The pastor, two altar boys, and Father McCafferty strolled to the altar promptly at 11 a.m. Everyone rose as voices from the grammar school choir filled the building while the service began.
All the doors were open for a breeze so at the Offertory the sound of an Army helicopter overhead competed with the song, “We Love You Jesus.” Due to the huge numbers receiving, communion took 15 minutes to complete as the place filled with the light of flash bulbs as youngsters, hands folded in prayer, accepted the host and new responsibilities.
After Mass, everybody flooded on to the driveway between the rectory and the church where most of the adults lit a smoke before lining up for family pictures with the two priests. “Like I’m a rock star,” Father Wallace laughed.
Maria Coogan stood off to the side of the happy crowd, cigarette in hand, surveying the long line of two-story attached stucco bungalows as if each building contained a single story with a separate memory. Across the years, Turf Lodge has lost 27 men in a struggle rooted in politics, economics, and religion; a bitter, bloody fight that seems to have lessened a bit recently and might even recede more with this week’s vote on peace.
“Billy Gibson lived right across the street,” Coogan said. “He was 15 when the soldiers murdered him. Sean Savage lived two houses up; he was killed in Gibraltar. Died for his country, he did.”
“Terry Enright was the last we had,” Father Wallace pointed out. “They shot him to death in January. He was a wonderful lad. Worked with Catholic kids as well as Protestants. A youth worker, he was. Wonderful man.”

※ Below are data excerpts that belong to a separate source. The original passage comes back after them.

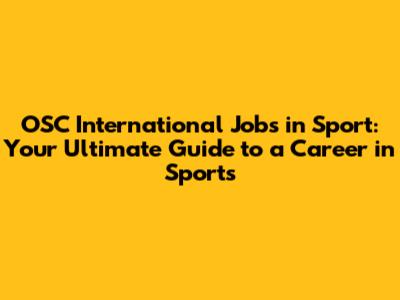 Exploring the Diverse Range of OSC International Sports Jobs
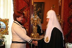 9 марта в рабочей Патриаршей резиденции в Чистом переулке Святейший Патриарх Московский и всея Руси Кирилл встретился с министром сельского хозяйства РФ Е.Б. Скрынник.
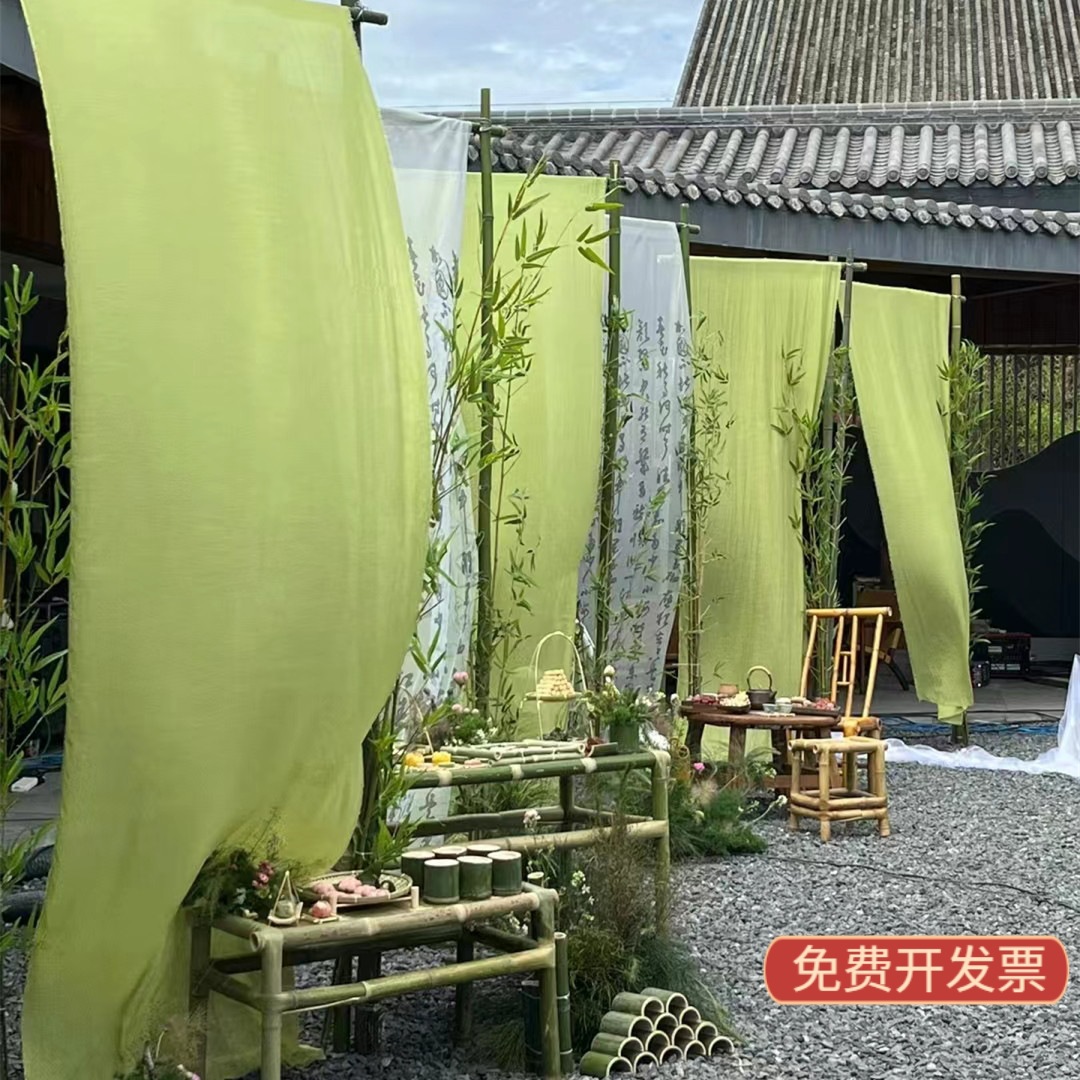 新しい中国風のシーンレイアウト中国風の古代スタイルの書道ガーゼグリーンシフォンガーゼウェディングカーテン結婚式の背景カーテン
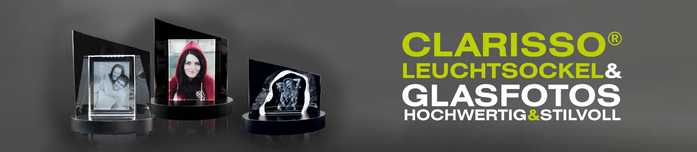 Die neuen Clarisso® Leuchtsockel in edlem Schwarz sind für eine große Auswahl an 2D und 3D Glasfotos sowie Fotodruck auf Glas in verschiedenen Ausführungen geeignet. Mit einer schwarz glänzenden, leicht gewölbten Design-Rückwand und leuchtstarken LEDs im Sockel wird Ihr Glasfoto perfekt in Szene gesetzt. Der Kunststoffsockel ist batteriebetrieben (3x Mignon AA, nicht im Lieferumfang enthalten). Optional ist ein Netzkabel erhältlich.
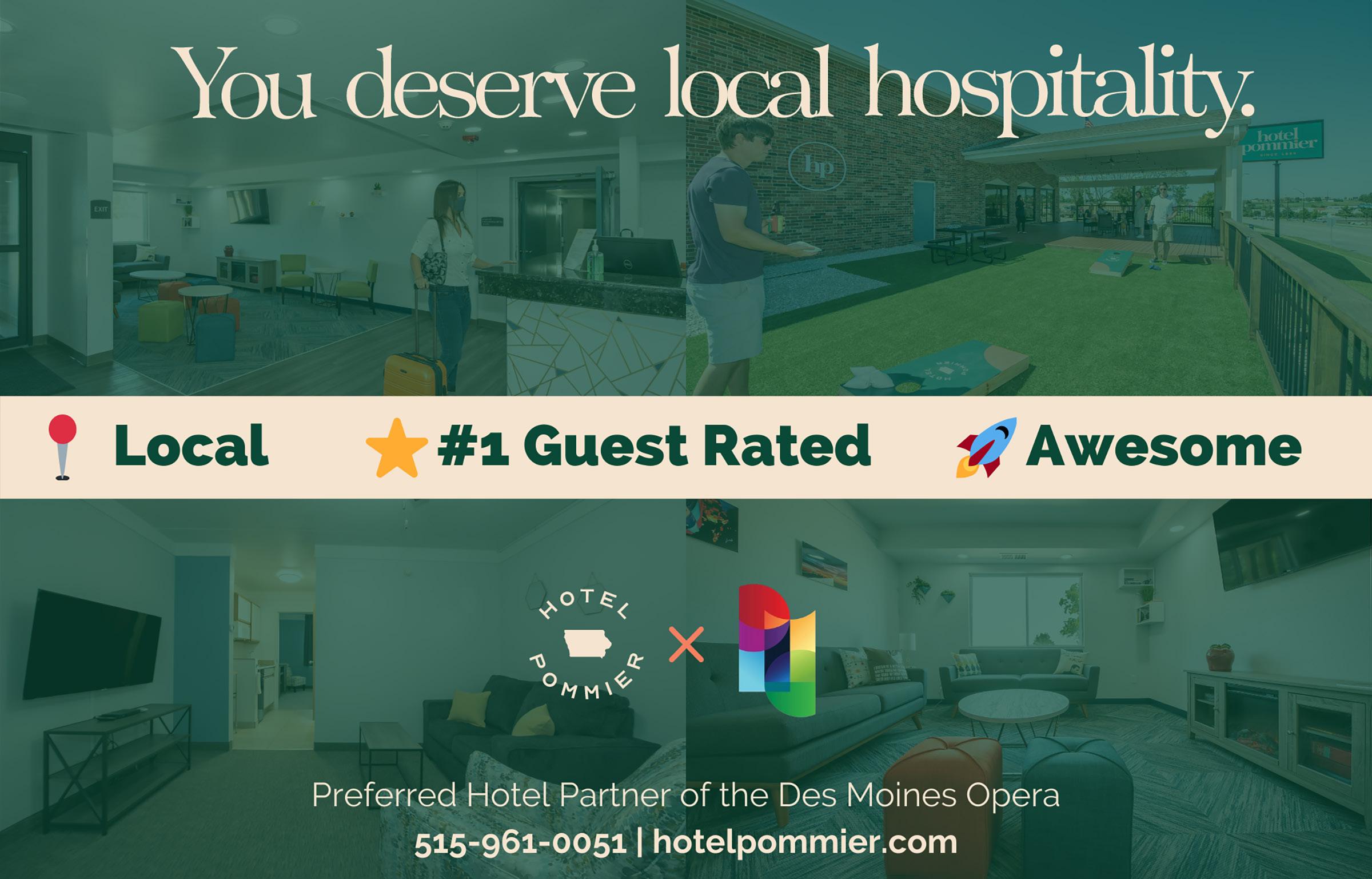 Des Moines Metro Opera thanks our advertisers, whose support helps us provide this complimentary program to our Summer Festival audiences. For advertising information, call our office at 515-961-6221 or visit dmmo.org/advertising.
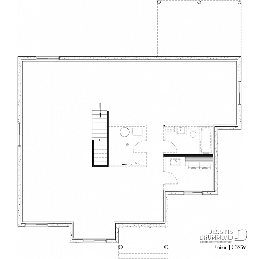 La fondation précisée à cette ligne est incluse dans le plan que vous recevrez, dans le prix du plan ainsi que dans l'estimation du coût de construction SAUF dans le cas d'un sous-sol aménagé. La finition d'un sous-sol aménagé n'est JAMAIS incluse dans notre estimation sauf si avis contraire précisé dans la description du plan et/ou dans la section élément distinctif, sur la page du plan. Un sous-sol aménageable est un sous-sol non-fini, à finir plus tard, selon vos besoins.
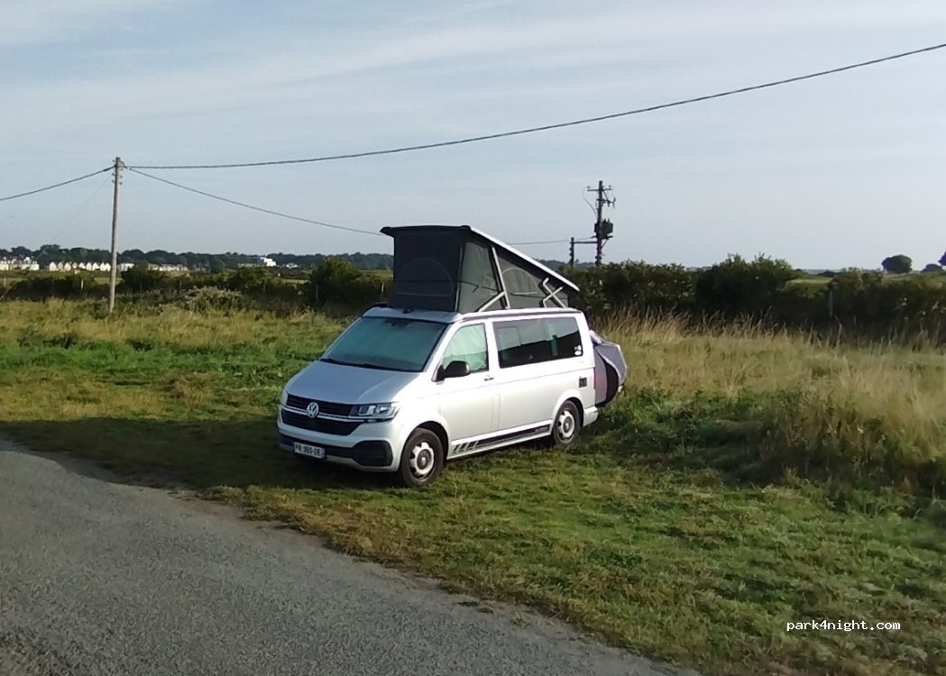 Emplacement parfait pour passer une nuit au calme avant de prendre le ferry tôt le matin. Juste devant l'entrée du golf on peut se garer sur le bas côté et rester en retrait de la route qui longe la mer. Emplacement à 15 minutes à peine du port.
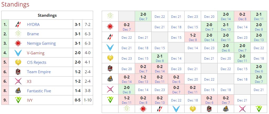 Следующую встречу Hydra проведет против V-Gaming 15 декабря в 18.00. “Империя” в этот же день в 15.00 сыграет с X3.
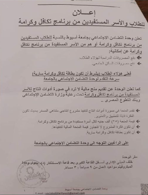كما نهيب بجميع الطلاب الراغبين في تقديم دراسة جدوي لمشروع ضمن مبادرة الطالب المنتج والطلاب المتقدمين للمبادرة لدي وحدة التضامن الاجتماعي ضرورة حضور هذه الورشة التي تعتبر شرطا اساسيا في النظر في الطلبات لتناولها الاسس والمقومات والمعايير التي سيتم قبول الطلبات بناء عليها.
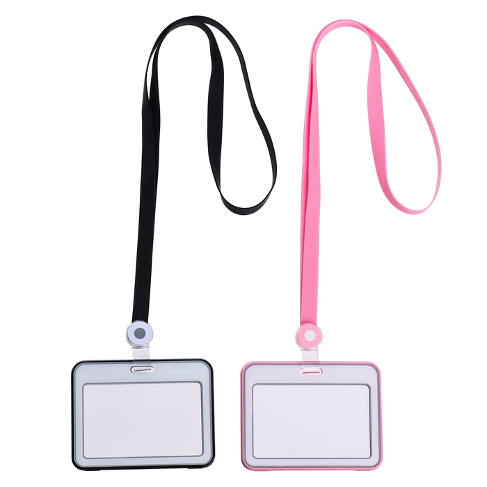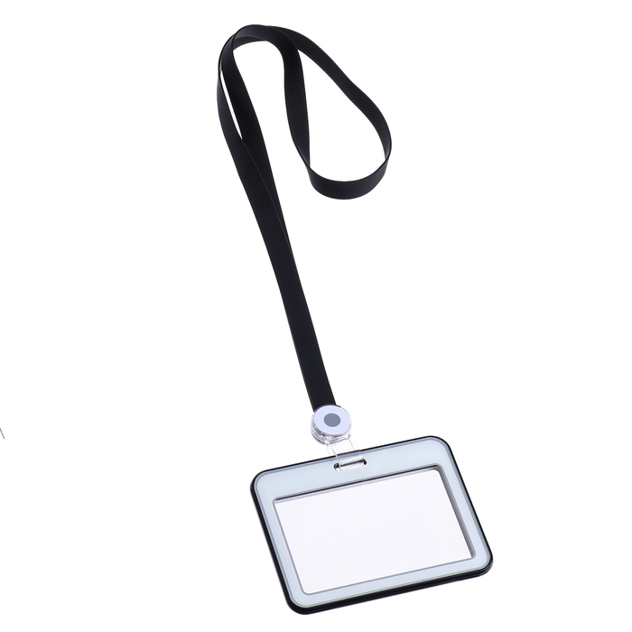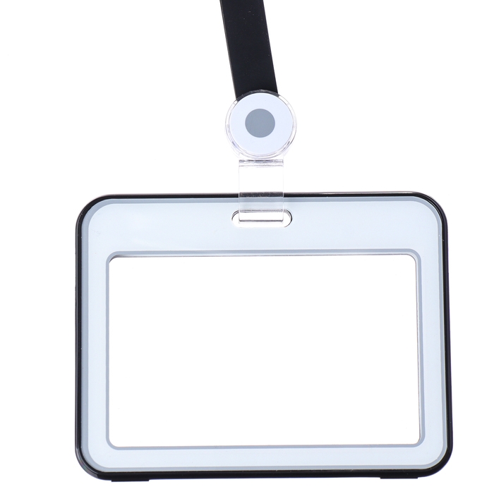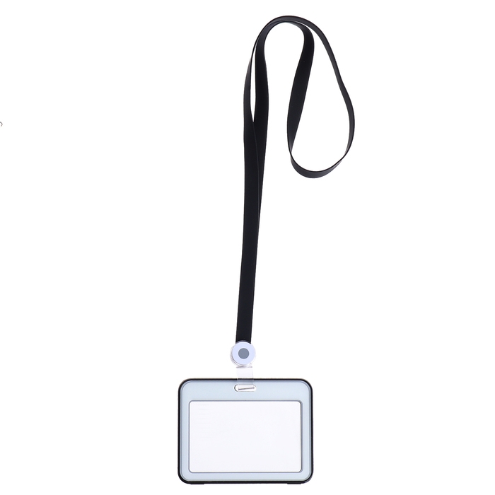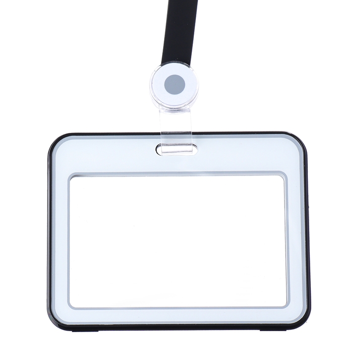 Бейдж горизонтальный, внешний, 100 х 80мм, внутренний 52 х 82мм, лента 42 см, Черный
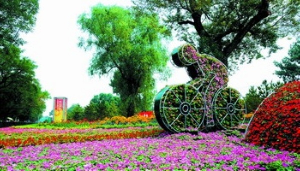 奥运会将至,北京各主路街心花园的奥运主题花坛静静装点着盛夏的北京,在给京城带来片片绿色、丝丝凉意的同时,把奥运气氛逐渐推向火热。
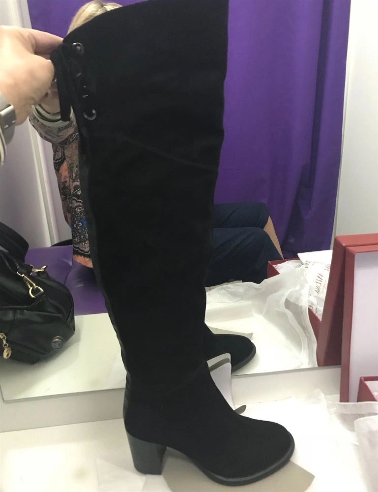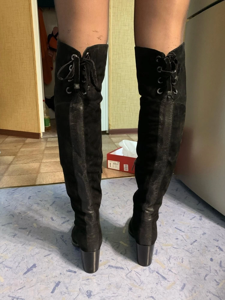 Действительно ботфорты отличные, соответствуют описанию. Хорошая замша, не затертые, в аккуратной коробке. Но! Маловаты! ((( Послушала предыдущие отзывы. Моя стопа 24,5( но широковата) , объём голени -36. Сапоги одела только на стопу- и то очень жмут, а потом и вообще не влезли. К сожалению- отказ.
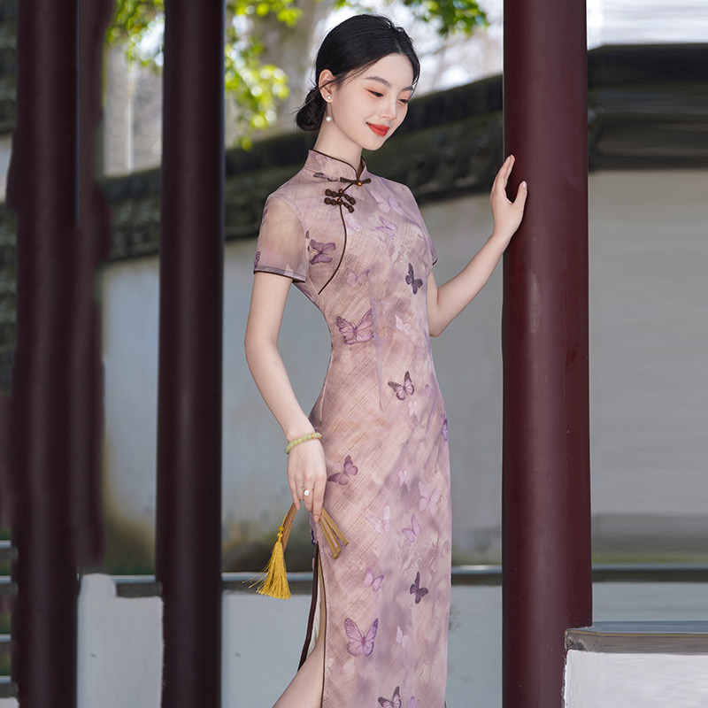 當東方古典的蝶韻與現代剪裁相遇,便有了這款「蝶舞東方」中式長款改良旗袍 —— 它保留了旗袍的雅致風骨,又以短袖設計適配四季,讓復古韻味藏在每一處細節裏,無論是日常出行還是輕社交場合,都能穿出東方女性的溫婉與靈動。
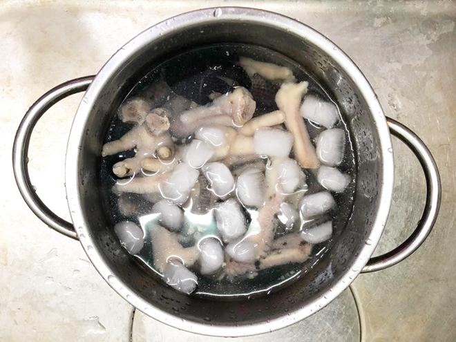 Khi chân gà chín, vớt ngay ra cho vào ngâm trong bát nước đá 10 phút để chân gà săn và giòn.
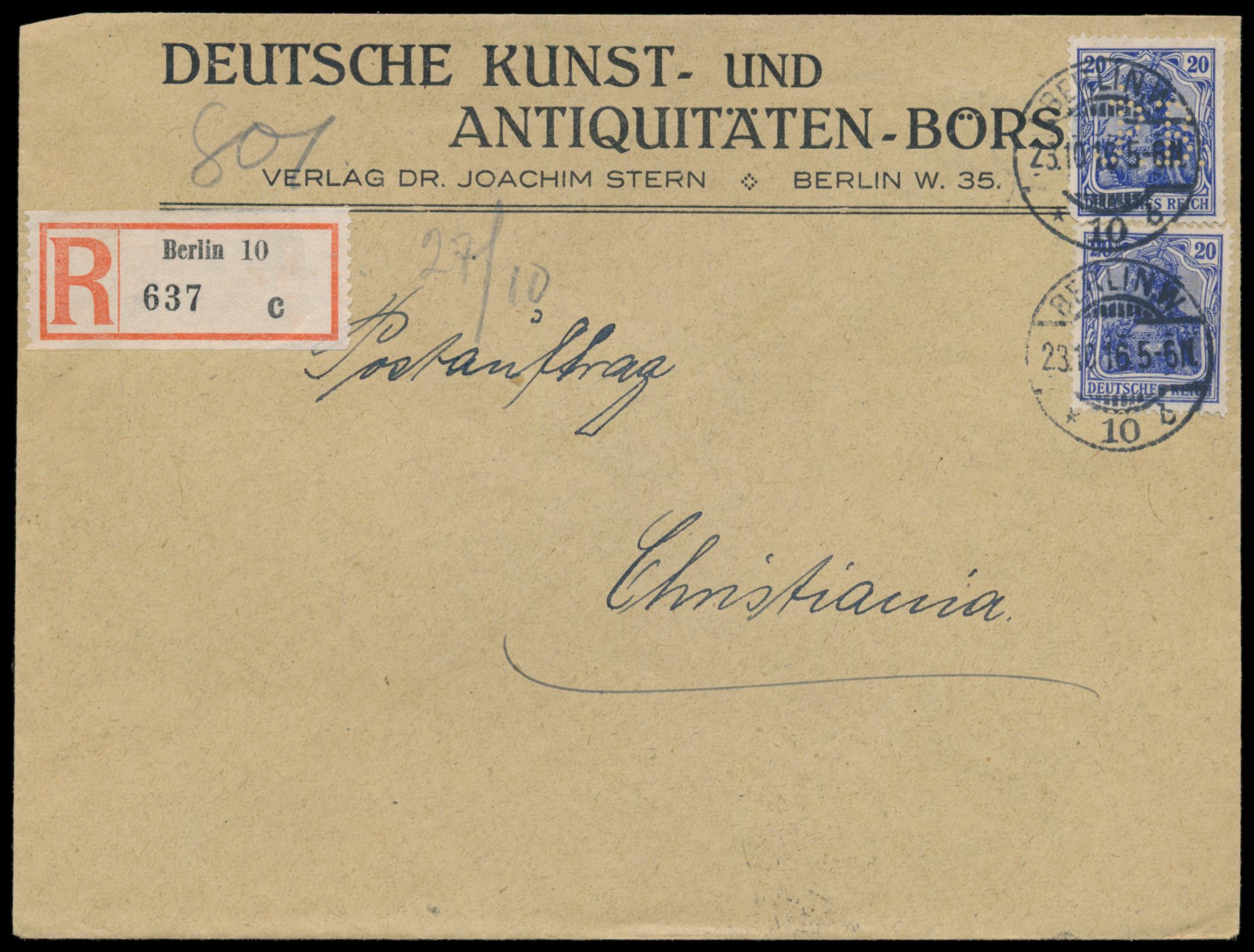 2 x 20 Pf. (1 x Firmenlochung) auf Postauftrag nach Norwegen, Stempel Berlin, W. 10 23.10.16, Ankunftstempel Kristiania 26.10.16, Bedarf
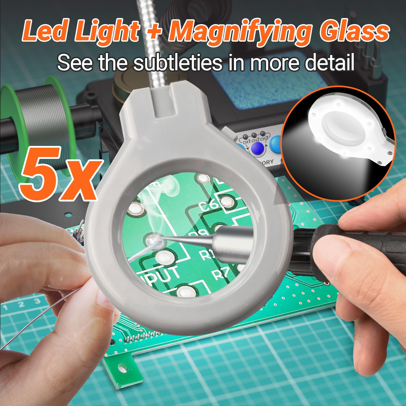 - Komfort für feine Operationen: Die Kombination aus Lupe, Beleuchtung und Halteklammern gibt Ihnen die volle Kontrolle und beste Sichtbarkeit, um auch kleinste Platinen präzise und sicher zu bearbeiten.
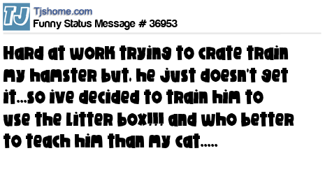 X is hard at work trying to crate train my hamster but, he just doesn't get it...so ive decided to train him to use the litter box!!! and who better to teach him than my cat.....
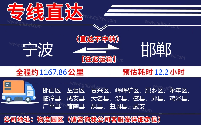 寧波到邯鄲物流專線是一條連接寧波和邯鄲的貨物運輸線路,由陸順物流公司提供直達(dá)不中轉(zhuǎn)運輸服務(wù),能為企業(yè)、工廠、貿(mào)易商以及個人提供高效、便捷、可靠的貨運解決方案
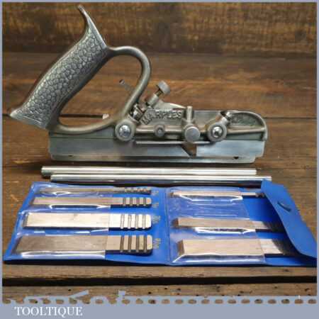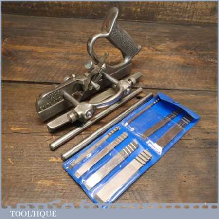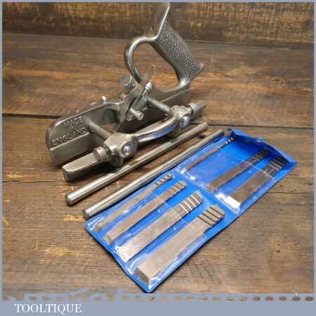 Vintage Marples No: MA44 plough plane complete with 8 cutters, fully refurbished and ready for use. The plane is in good condition and all components move smoothly. Note: We do not sharpen the irons.

“Why was he killed?” the priest was asked.
“Catholic,” he replied.
“Then there was Brian Stewart,” Maria Coogan added. “He was 9 when a British soldier murdered him; the soldier’s name was Mark Thien. He did a year in jail and he’s back in the Army today. I don’t think there’ll ever be peace in Northern Ireland. Too many splinter groups. Too many bad memories.”
The parish population has an unemployment rate of 35 percent. It is presently enduring the horror of teenage suicide and rising drug usage. But yesterday, with marvelous weather and all these terrific children, smiling and almost saintly in their appearance, the past disappeared for a morning while a whole community took time out to concentrate on this country’s one true future.